Sounds straightforward. But what happens if the number of photons that hit the mirror is not an exact number?


KEITH SCHWAB
Cornell University
That would be the case if a superposition of an indefinite number of photons hits the mirror. Now the diving board doesn’t know exactly how many people are standing on it. "The mirror can’t decide how far it will move, and you’ve created an entangled state," says Aspelmeyer. And a quantum effect would have been demonstrated on a larger scale than ever before.

For the experiment to work, the researchers need to keep their cool—or at least, keep their apparatus at a low temperature because heat causes the mirror to shake on its own. This is where Schwab comes in. Not only will Schwab build the micro-mirror at his lab, he has also spent years using cryogenics and laser cooling trying to get tiny mechanical systems as cold as possible. One of the techniques used to cool particles (and small mechanical devices) is to hit them with laser light. When hit with just the right frequency of laser light, the particles temporarily absorb the light, gaining energy. However, they quickly lose this again, releasing more energy than they absorbed in the process, and cooling down to a temperature that is lower than where they started.

Quantum Milestones

Using this technique and others, Schwab has cooled mechanical devices to just above their lowest possible energy level, known as the ground state. "We want to hit some basic quantum mechanical milestones like cooling mechanical devices with light down to ground state," said Schwab. Zeilinger was the matchmaker who brought Schwab and Aspelmeyer together. He believes they work so well together not only because they share the same interest but also because "their personalities get along well together."

"Coming from different backgrounds there are so many different things to share and exchange," says Aspelmeyer. "We have learned a great deal from Keith already concerning mechanical systems and low temperature physics, and there were many good discussions where the quantum optics from our side brought new perspective to the experiments."

We want to hit some basic quantum mechanical milestones.
- Keith Schwab
Schwab also agrees that collaboration is the key to success. "The techniques we use are pretty deep in the amount of years it takes to master each," he says. "Combining forces is the only way to do this."

Aashish Clerk, of McGill University in Montreal, Canada thinks the work will have far-reaching applications. The fragility of quantum states has been a big ob-stacle for building quantum computers. Understanding the quantum-classical crossover could help us learn how to prevent quantum effects from breaking down, says Clerk.


MARKUS ASPELMEYER
Cornell University
Nobel Laureate Tony Leggett, of the University of Illinois at Urbana-Champaign, is keenly watching the team’s work. "It’s important to probe quantum mechanics on various frontiers, and one frontier not probed enough is in the direction towards the real world," he says.

Crossing Continents

It’s one thing to share theories and ideas with researchers overseas, but how tough is it to carry out cross-continental experiments?

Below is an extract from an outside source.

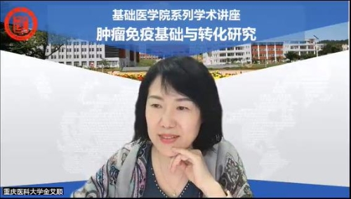 侯志平向与会专家表示欢迎并予以诚挚感谢,对基础医学院科研情况进行简单介绍。郑华川向参会师生介绍重庆医科大学基础医学院微生物与免疫学系主任、免疫教研室主任、肿瘤免疫基础与转化研究重庆市重点实验室主任、重庆医科大学博士生导师:本次活动的讲座专家金艾顺教授。金艾顺曾留学日本攻读东京医科齿科大学分子肿瘤学并获得博士学位,长期从事抗体药物和抗肿瘤T细胞免疫治疗等相关免疫学技术开发,相关研究成果发表于Nature Medicine等系列高水平学术杂志上。2017年被重庆市以高层次人才引进,聘为巴渝学者特聘教授,获得重庆市学科学术带头人、重庆市第一届英才计划创新领军人才、2021年重庆十大科技创新年度人物。

No stranger to international scientific collaboration, Zeilinger has worked with scientists in New York and Boston, while being based in Vienna. He believes the ability to work for the common good, rather than competing, is a simple but essential element.

One frontier not probed enough is in the direction towards the real world.
- Tony Leggett
"International collaborations work well as long as both sides appreciate the importance of the other and that working together is more important than whether the other side is slightly ahead," he says.

Currently, students from Vienna regularly travel to New York to fabricate the nanotools and learn some cooling techniques, while some Cornell students will also begin to travel to Vienna soon to do some measurements. Technologies such as Skype and email also allow the group to stay connected despite being spread across a big area geographically.

"I really think this is the best that could happen when people with very different backgrounds meet and collaborate," said Aspelmeyer. "It’s been great discussing ideas with Keith. Huge fun."

And the fruits of their collaboration will begin to ripen as temperatures continue to drop.